Cold-inducible RNA-binding protein induces inflammatory responses via NF-κB signaling pathway in normal human bronchial epithelial cells infected with streptococcus pneumoniae

Abstract

Abstract Background Community-acquired pneumonia is a significant cause of morbidity and mortality worldwide, with substantial clinical implications that warrant further investigation and intervention. The invasion of Streptococcus pneumoniae (S. pneumoniae, S.p) can result in serious conditions such as meningitis, sepsis or pneumonia. Extracellular Cold-inducible RNA-binding protein (eCIRP) acts as a damage-associated molecular pattern that triggers inflammatory responses and plays an important role in both acute and chronic inflammatory diseases. It remains unclear whether CIRP is involved in the process of S. pneumoniae infection in normal human bronchial epithelial cells (BEAS-2B). Methods Cell counting kit (CCK)-8 assay was used to detect the activity of BEAS-2B cells after Streptococcus pneumoniae infection. The distribution of CIRP in BEAS-2B cells was detected by immunofluorescence. Quantitative real-time PCR (PCR) and Western Blot (WB) were used to detect the expression of CIRP, nuclear factor kappa-B (NF-κB) p65, toll like receptor-4 (TLR4), interleukin-6 (IL-6), etc.
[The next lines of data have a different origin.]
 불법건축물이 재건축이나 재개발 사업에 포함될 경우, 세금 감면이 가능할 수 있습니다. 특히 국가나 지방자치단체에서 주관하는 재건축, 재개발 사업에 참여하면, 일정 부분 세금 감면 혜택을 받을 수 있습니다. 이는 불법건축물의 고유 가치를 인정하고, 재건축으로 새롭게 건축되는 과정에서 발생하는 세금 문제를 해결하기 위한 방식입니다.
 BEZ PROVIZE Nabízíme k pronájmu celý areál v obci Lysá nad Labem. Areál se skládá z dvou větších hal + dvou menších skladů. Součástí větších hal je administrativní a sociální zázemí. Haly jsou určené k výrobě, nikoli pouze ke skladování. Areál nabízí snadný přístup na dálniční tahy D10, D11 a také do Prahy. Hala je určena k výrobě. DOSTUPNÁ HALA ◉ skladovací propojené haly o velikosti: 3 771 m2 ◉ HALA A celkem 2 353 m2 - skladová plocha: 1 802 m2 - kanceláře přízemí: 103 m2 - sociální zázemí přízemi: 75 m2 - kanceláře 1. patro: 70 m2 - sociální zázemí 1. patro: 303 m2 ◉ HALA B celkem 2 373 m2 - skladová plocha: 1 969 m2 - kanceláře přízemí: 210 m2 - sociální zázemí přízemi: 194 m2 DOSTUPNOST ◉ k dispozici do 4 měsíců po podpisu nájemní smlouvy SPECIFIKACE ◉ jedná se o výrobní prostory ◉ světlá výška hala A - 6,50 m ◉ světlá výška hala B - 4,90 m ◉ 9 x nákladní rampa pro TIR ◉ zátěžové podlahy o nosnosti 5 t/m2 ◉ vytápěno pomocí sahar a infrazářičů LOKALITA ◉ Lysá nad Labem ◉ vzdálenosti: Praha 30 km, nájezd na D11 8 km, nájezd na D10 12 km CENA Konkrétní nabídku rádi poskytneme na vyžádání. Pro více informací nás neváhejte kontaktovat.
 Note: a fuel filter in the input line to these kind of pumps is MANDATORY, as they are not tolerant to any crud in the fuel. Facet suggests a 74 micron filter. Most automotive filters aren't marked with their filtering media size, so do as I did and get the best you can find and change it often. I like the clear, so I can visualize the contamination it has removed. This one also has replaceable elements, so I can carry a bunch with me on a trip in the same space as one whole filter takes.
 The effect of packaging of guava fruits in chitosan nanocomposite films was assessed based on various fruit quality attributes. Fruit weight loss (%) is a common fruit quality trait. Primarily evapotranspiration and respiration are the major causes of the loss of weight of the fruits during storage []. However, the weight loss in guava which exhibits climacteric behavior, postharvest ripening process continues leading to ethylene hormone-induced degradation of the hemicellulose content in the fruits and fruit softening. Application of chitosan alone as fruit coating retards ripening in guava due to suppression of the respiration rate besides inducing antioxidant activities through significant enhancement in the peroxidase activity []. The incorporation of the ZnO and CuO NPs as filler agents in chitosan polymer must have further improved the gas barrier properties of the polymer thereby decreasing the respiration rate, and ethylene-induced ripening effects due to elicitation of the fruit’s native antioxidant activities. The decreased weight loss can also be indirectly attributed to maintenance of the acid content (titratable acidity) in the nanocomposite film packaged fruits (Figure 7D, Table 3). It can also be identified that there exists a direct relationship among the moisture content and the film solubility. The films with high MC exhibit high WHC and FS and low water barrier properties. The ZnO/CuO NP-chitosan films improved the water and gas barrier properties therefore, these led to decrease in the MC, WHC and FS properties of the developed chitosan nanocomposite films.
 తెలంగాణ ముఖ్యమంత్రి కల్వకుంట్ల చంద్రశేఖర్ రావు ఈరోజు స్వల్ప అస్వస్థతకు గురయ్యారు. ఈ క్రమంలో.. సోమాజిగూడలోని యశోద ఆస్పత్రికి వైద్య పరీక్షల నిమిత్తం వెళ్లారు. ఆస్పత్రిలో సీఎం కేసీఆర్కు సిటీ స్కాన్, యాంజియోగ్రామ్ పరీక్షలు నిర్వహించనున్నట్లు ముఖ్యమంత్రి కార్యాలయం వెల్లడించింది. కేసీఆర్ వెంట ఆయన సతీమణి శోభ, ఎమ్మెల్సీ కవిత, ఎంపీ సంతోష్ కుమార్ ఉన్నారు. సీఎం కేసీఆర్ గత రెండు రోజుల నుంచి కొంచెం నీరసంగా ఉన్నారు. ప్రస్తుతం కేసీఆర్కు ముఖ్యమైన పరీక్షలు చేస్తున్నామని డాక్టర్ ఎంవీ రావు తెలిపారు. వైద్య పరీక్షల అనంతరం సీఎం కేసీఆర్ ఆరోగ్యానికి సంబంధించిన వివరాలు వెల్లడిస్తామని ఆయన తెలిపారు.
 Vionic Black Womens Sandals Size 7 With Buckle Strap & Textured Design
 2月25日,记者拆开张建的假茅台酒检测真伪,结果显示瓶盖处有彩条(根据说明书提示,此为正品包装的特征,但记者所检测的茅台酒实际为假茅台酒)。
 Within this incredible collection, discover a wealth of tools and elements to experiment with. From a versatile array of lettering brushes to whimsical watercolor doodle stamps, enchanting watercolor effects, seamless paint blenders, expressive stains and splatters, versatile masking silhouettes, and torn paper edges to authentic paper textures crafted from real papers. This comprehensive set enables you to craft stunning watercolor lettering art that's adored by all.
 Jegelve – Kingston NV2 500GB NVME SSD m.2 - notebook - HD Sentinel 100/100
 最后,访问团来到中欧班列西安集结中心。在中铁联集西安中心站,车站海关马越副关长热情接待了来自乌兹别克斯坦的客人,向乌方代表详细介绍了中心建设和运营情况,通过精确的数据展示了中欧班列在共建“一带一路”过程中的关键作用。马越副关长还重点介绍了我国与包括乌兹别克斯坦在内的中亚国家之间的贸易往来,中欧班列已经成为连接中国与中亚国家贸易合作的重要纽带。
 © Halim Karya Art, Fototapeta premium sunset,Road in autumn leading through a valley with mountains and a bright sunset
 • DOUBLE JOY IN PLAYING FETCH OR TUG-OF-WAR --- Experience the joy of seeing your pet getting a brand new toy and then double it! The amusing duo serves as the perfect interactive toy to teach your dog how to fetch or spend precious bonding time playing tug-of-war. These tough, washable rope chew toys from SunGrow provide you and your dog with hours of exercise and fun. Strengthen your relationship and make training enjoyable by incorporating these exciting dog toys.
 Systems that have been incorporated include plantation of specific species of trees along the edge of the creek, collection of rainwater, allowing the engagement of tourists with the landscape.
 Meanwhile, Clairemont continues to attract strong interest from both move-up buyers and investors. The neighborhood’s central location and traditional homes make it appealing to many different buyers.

The expressions of CIRP, IL-1β, IL-6, tumor necrosis factor-α (TNF-α) and monocyte chemoattractant protein-1 (MCP-1) were assessed by enzyme linked immunosorbent assay (ELISA). Results We discovered that CIRP affected the activity of BEAS-2B cells that were induced by S. pneumoniae infection. After S. pneumoniae infection, CIRP transferred from the nucleus to the cytoplasm, and pro-inflammatory cytokines (IL-1, IL-6, TNF-α and MCP-1) were then produced. We further found that a significant increase in the expression of NF-κB p65 protein following S. pneumoniae infection of BEAS-2B cells, which was significantly reduced upon si-CIRP interference. Treatment with TLR4 neutralizing antibodies and an NF-κB inhibitor resulted in a significant decrease in the expressions of IL-1β, IL-6, TNF-α and MCP-1 in BEAS-2B cells. Conclusions Infection with S. pneumoniae induces an upregulation of CIRP expression and translocation from the nucleus to the cytoplasm in BEAS-2B cells, which subsequently leads to the release of proinflammatory factors via activation of NF-κB signaling pathway. The identification of CIRP as a key mediator in S. pneumoniae-induced inflammation provides potential targets for therapeutic intervention against community-acquired pneumonia.